[[ GIVEN DATA, beginning ]]

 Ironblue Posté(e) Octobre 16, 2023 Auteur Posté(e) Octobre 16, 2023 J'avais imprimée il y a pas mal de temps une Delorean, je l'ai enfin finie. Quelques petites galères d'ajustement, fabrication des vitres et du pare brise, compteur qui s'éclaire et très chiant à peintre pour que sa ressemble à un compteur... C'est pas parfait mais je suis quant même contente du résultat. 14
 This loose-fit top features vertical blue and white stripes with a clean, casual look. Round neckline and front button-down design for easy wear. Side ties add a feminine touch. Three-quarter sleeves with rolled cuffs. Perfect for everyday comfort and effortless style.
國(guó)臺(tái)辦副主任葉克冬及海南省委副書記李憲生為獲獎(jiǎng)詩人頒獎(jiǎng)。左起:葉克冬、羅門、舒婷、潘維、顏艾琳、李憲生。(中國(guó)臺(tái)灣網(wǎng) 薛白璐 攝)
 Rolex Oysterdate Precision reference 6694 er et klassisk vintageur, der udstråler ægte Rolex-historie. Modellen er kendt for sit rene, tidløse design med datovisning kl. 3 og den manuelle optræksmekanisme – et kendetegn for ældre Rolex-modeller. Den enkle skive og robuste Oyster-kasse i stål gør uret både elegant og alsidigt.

[[ GIVEN DATA, end ]]
[[ GIVEN DATA, beginning ]]

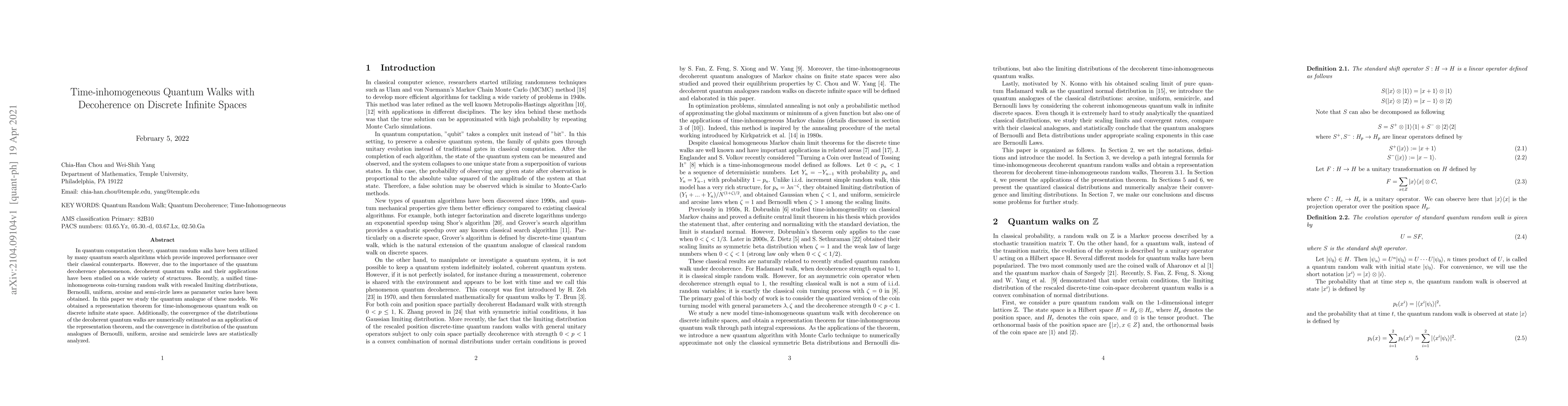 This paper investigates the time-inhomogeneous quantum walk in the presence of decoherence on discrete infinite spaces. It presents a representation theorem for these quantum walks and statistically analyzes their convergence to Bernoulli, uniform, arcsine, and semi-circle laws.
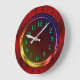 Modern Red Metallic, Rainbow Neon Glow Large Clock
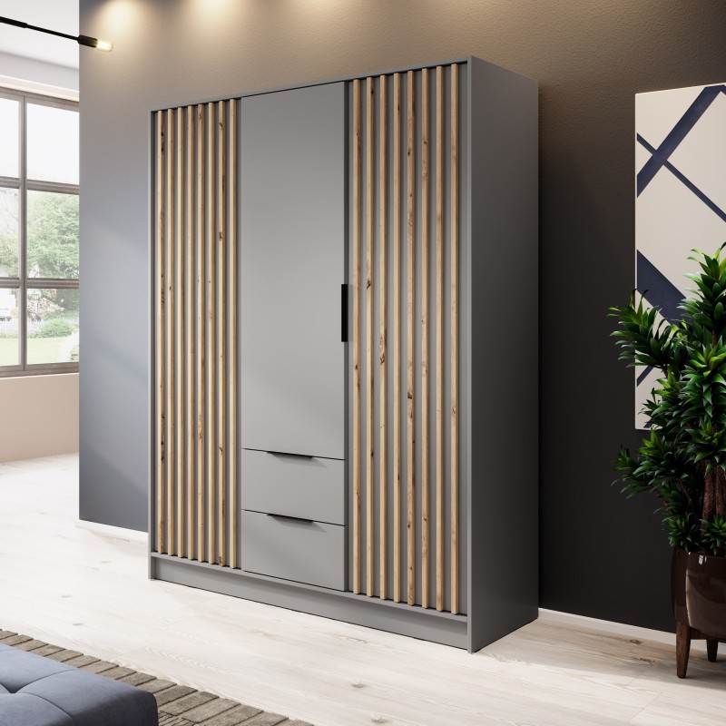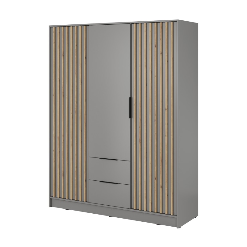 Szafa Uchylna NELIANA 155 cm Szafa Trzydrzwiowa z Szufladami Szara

[[ GIVEN DATA, end ]]
[[ GIVEN DATA, beginning ]]

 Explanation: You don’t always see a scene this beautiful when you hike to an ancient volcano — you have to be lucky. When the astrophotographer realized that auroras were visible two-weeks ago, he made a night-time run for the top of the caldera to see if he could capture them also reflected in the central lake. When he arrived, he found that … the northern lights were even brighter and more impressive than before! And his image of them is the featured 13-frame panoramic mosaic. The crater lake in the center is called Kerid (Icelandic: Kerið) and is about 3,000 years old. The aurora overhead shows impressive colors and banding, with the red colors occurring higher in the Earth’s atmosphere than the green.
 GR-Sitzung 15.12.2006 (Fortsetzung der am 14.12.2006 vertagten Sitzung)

[[ GIVEN DATA, end ]]

> _REQUIRED ACTION_
All pictures are to be skipped. Output, word for word, the lines in the data above starting at the line containing "Modern Red Metallic, Rainbow" and ending at the line containing "Szafa Uchylna NELIANA".

> _RESPONSE FOR THIS EXERCISE_
 Modern Red Metallic, Rainbow Neon Glow Large Clock
 Szafa Uchylna NELIANA 155 cm Szafa Trzydrzwiowa z Szufladami Szara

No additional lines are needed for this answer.